[Task objective]: What is needed is a faithful transcription of all the data below, pictures excluded.

:: Dataset excerpt ::

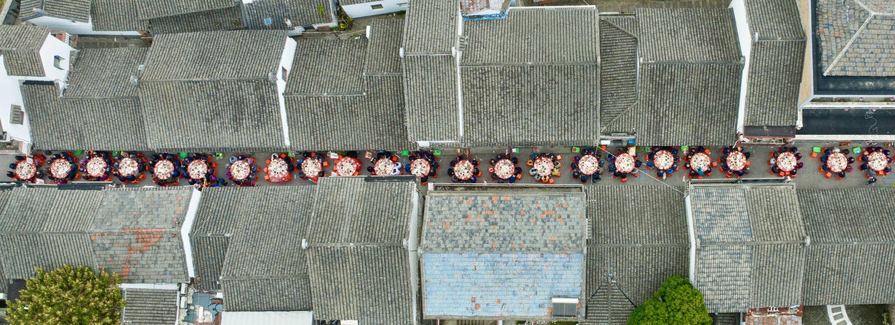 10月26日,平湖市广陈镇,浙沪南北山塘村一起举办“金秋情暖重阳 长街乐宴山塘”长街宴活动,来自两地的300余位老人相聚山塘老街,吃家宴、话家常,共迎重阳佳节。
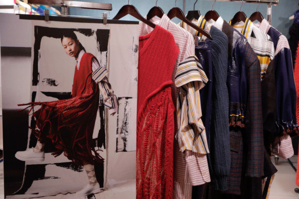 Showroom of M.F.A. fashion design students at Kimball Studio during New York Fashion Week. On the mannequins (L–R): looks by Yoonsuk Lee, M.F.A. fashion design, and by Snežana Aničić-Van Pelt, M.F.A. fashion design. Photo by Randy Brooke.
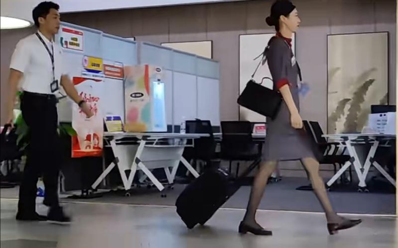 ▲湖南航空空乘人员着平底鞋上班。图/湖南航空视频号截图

:::

[Completed task]:
 10月26日,平湖市广陈镇,浙沪南北山塘村一起举办“金秋情暖重阳 长街乐宴山塘”长街宴活动,来自两地的300余位老人相聚山塘老街,吃家宴、话家常,共迎重阳佳节。
 Showroom of M.F.A. fashion design students at Kimball Studio during New York Fashion Week. On the mannequins (L–R): looks by Yoonsuk Lee, M.F.A. fashion design, and by Snežana Aničić-Van Pelt, M.F.A. fashion design. Photo by Randy Brooke.
 ▲湖南航空空乘人员着平底鞋上班。图/湖南航空视频号截图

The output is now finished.